* SOURCE INFORMATION *
"""
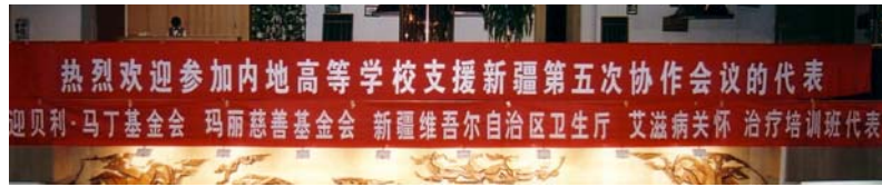
Banner proclaiming our workshop in Urumqi, Xinjiang October 2003.
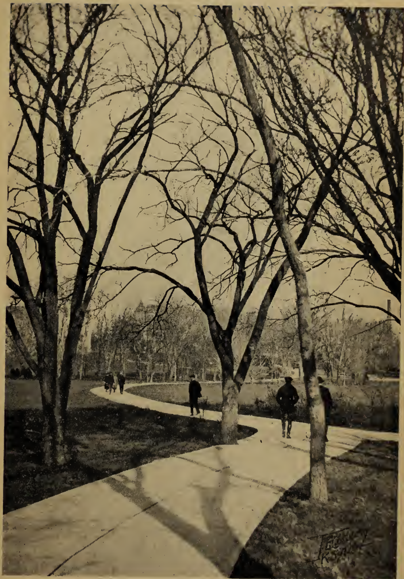
Early to eight o'clock classes—a good start
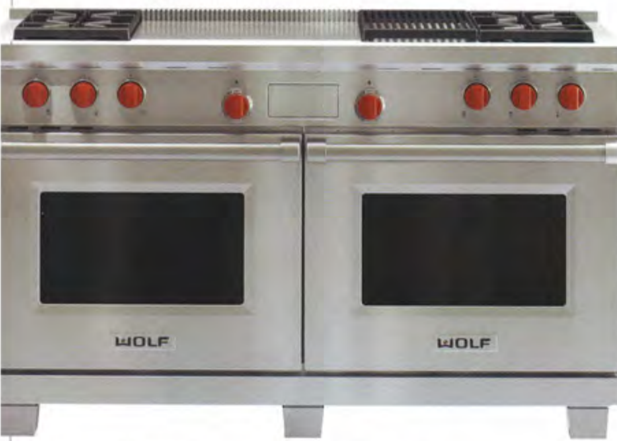
Above: ICBDF604CF range cooker, £23,400, Wolf. (0845 250 0010 or subzero-wolf.co.uk)
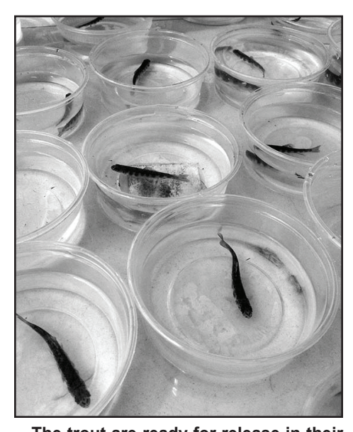
The trout are ready for release in their individual containers.
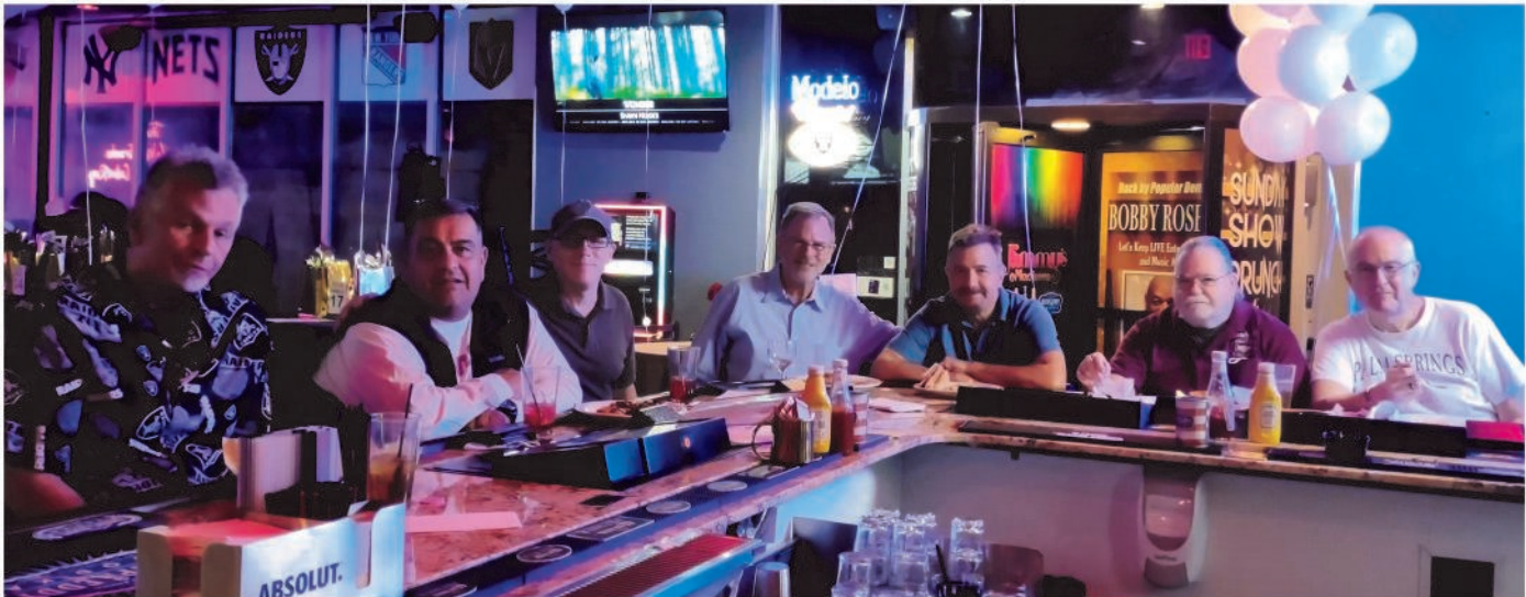
BAR NIGHT at Jimmy's @ Madisons on October 7th
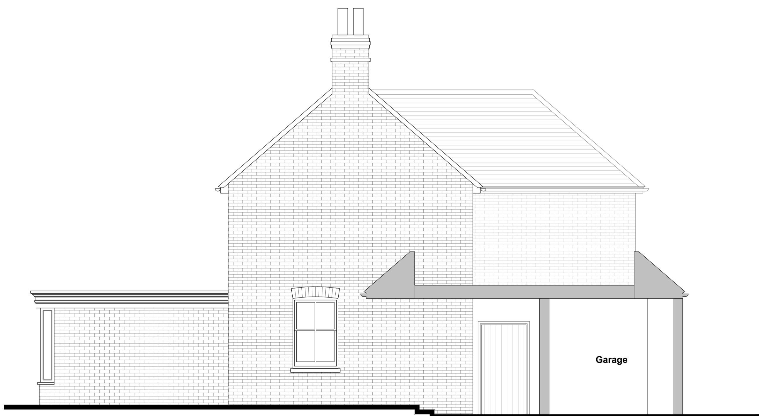
West Elevation Proposed
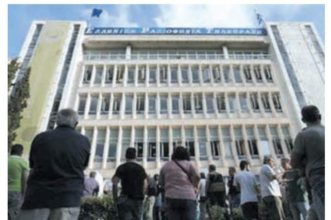
People stand in front of Greek state television ERT headquarters after the government's announcement that it will shut down the broadcaster in Athens on 11 June, 2013.
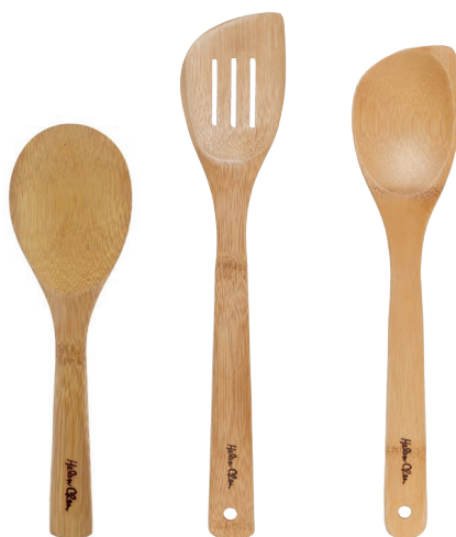
97062 9" rice paddle 97057 13" slotted spatula 97054 12" corner spoon

97145 • 3-Piece Stir Fry Set Bamboo (net bag)
"""
* WHAT IS NEEDED *
Make an exact copy of the listing above. Its pictures are not needed.

* SOLUTION *
Banner proclaiming our workshop in Urumqi, Xinjiang October 2003.
Early to eight o'clock classes—a good start
Above: ICBDF604CF range cooker, £23,400, Wolf. (0845 250 0010 or subzero-wolf.co.uk)
The trout are ready for release in their individual containers.
BAR NIGHT at Jimmy's @ Madisons on October 7th
West Elevation Proposed
People stand in front of Greek state television ERT headquarters after the government's announcement that it will shut down the broadcaster in Athens on 11 June, 2013.
97062 9" rice paddle 97057 13" slotted spatula 97054 12" corner spoon

97145 • 3-Piece Stir Fry Set Bamboo (net bag)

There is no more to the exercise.